Saturday, June 17, 2017

The Soviet Spy Museum and the last of the pictures of Tallinn.

 Today we visited the KGB Spy Museum in the Hotel Viru.

It is not all that long ago that the Iron Curtain was still in place here in Estonia and elsewhere, the most physical symbol being the Berlin Wall in Germany. I confess that I never knew that much about the Iron Curtain outside of what little attention I gave to it when I watched the television news and what I saw in movies. We were all thrilled when the Berlin Wall came down but how many of us knew that much about the other countries that had been under Soviet rule? The Iron Curtain lasted from 1945 to 1991. On the walking tour of Old Town our guide talked quite a lot about the more recent history of Estonia than the ancient times, about the bombing of the town during WWII and the soviet occupation afterwards.There were long lines for everything, the basic necessities, and you still might not get anything because it's all gone by the time you got there. How a lot of foods were rare in Estonia, like bananas, and it was almost a status symbol to have any, it meant you had connections in high places. There is even an exhibit called "There are no bananas" in Tallinn about the time of the Cold Ware and living behind the Iron Curtain . But you can  google it yourselves if you wish to learn more, this blog is not the best place to get a history lesson. 
Here is the KGB Spy Museum on the 23rd floor of the Hotel Viru:
 View from the 23rd floor.
"Hotel Viru"
 The red telephone was a direct line to the KGB head office in Estonia and the white telephone was very heavy because it was filled with metal so a bug couldn't be placed in it.

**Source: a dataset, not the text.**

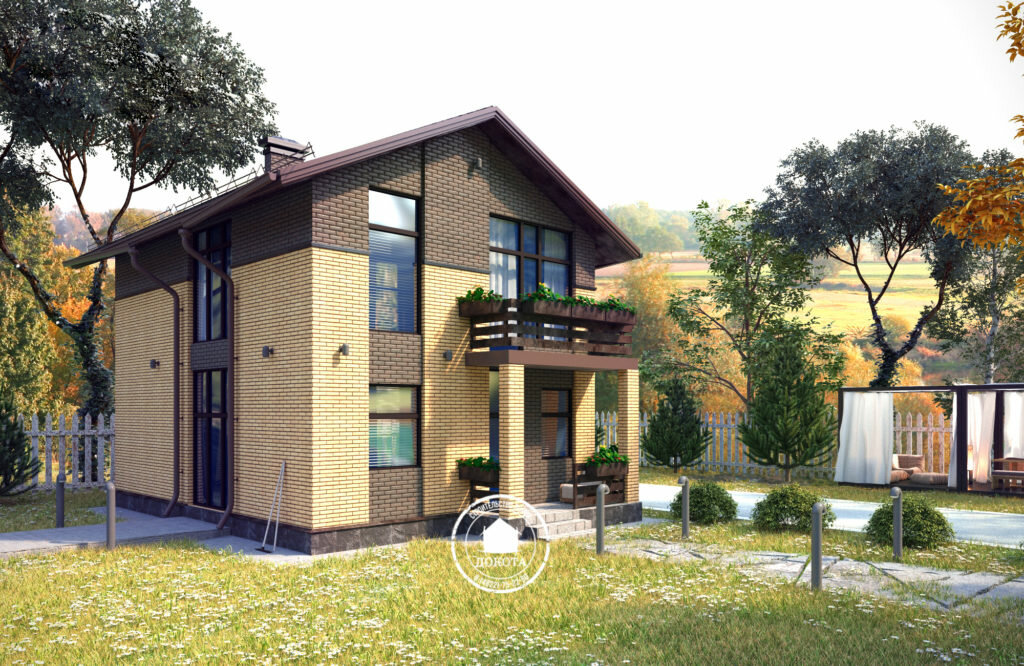 Большой двухэтажный дом из кирпича с двумя открытыми террасами с элементами стиля модерн

 Check out the letters on the keys.
 A rough translation of the sign on this door is "Nothing is here". It was an open secret that there were soviet spies on the 23rd floor. For one thing, there used to be a restaurant with big windows on the 22nd floor and you could see that there was a 23rd floor from there. When hotel guests would ask what was up there they were told that those were "technical" or engineering rooms, or they were literally told that there was "nothing there, nothing to see".
When all the KGB left they did it overnight and in a hurry. What they couldn't carry with them they smashed or destroyed. Here was the main room of their occupation.
 The phone is broken because the KGB took out the bug. The gas masks are there because they practiced evacuation in case of a gas attack. The stamp says "Approved" and you needed your papers stamped in order to work at the Hotel Viru.

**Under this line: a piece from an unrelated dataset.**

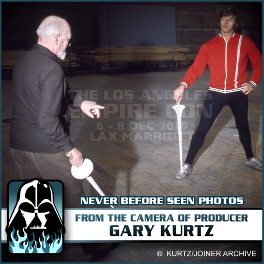 This image is one of many that will be on display at a special exhibit at #Empirecon’s inaugural year. It was taken by the late Gary Kurtz during one of the original rehearsals for the climactic showdown between Sir Alec Guinness (Obi-Wan Kenobi) and David Prowse (Darth Vader.)

 There is a transmitter in the green cuff links seen in the upper right. That's right, spies really did talk into their sleeves.


More views from the 23rd floor.


 Approximately 80 rooms and all the public areas in the hotel had listening devices, and the 80 rooms also had cameras in them. The history of the hotel is very interesting and some of it can be found here: https://en.wikipedia.org/wiki/Sokos_Hotel_Viru
Since it was lunch time we decided to walk the few blocks to the Radisson Blu and go to their Sky Lounge, the guide and other folks had said the view was even more spectacular from there.